Lex nodded as though none of it were news to him.

Clark stirred, and his eyes fluttered open, dark in the moonlight. Lex and Martha leaned forward instantly. “Clark?” Martha said softly. “Clark, are you all right?”

He blinked up at them. “Lex? What are you doing here?”

Martha’s jaw set. “Can I get you anything?”

Clark kept his eyes directed away from her. “Water.”

She nodded. “I’ll be right back.” She raced down the stairs to the kitchen and filled a glass from the tap. But she didn’t return to Clark’s room. She would wait here until she saw Lex’s car leave – with Lex inside.

*~*~*

In the darkness of his room, Clark stared at Lex. “Why are you here?”

“I was worried about you. You gave me quite a scare.”

“Sorry.”

“Don’t apologize. How are you feeling?”

“Like I’ve been underwater for a week. Believe it or not, that’s an improvement.”

Lex nodded. “Your mother told me about the meteor rocks making you sick.”

Clark gaped at Lex. His mother had said that? To Lex? He shrugged helplessly. “You found me at homecoming; you knew that already.”

“I suspected. This is the first time anyone’s come out and said so.” He ran a hand across the top of his head. “Clark, is this – does this have anything to do with the Scrabble game?”

Clark stared out the window. “I don’t know what you mean.”

“I mean that bizarre things happen when you’re around. The Porsche, Jeff Palmer, Earl Jenkins, Ryan’s stepfather – I could continue.”

“Don’t,” Clark said sharply, shutting his eyes tight. “Why are you pushing this, Lex?”

Lex leaned towards him. “Because it’s been building towards this. Everything that’s happened since you and I met has led us up to this moment.
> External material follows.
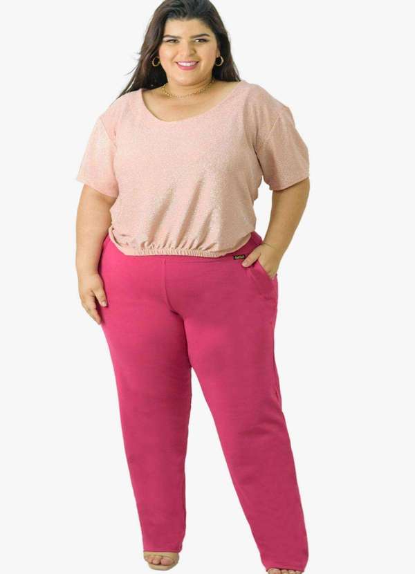 Looks Catwalk - Calça Reta Feminina Estilo Social Cintura Média Plus Size - Pink

And so I’m asking you: who are you?”

Clark’s vision was still wavering; he was still shaking and feverish. And his heart was cracking with every word Lex said. Continuing to lie to Lex was going to take more strength than he had - even with superpowers. “I’m an alien. I came down with the meteors.”

Clark had always known that Lex would kiss him someday. He just hadn’t expected he would feel so...used when it happened. Hadn’t expected it would feel so good, and yet so manipulative at the same time. When it was over, Lex put his hand briefly over Clark’s. Then he was gone without a word, leaving Clark to stare up at his ceiling in the suffocating darkness.

*~*~*

Martha had watched Lex’s silver Bentley pull out of the driveway a good five minutes ago, but still she sat in the kitchen, staring into a glass of water.

“Mom?”

Martha turned at the wounded hitch in Clark’s voice. He stood at the bottom of the stairway, clutching the newel post so tightly it was about to crack. “Clark, honey, you shouldn’t be out of—“

Suddenly he was across the kitchen, throwing himself onto the floor and burying his head in her lap like he had when he was a child. Martha sat in immobilized shock for a moment, then cautiously raised her hand to stroke his hair. A sob wracked his body, then another, and she made the quiet, meaningless soothing noises mothers have made since time immemorial. She didn’t ask what was wrong. She had a pretty good idea, but the what didn’t really matter that much. Her son needed her, and she could wait until morning for anything else.

She could wait until morning to admit that she couldn’t fix it.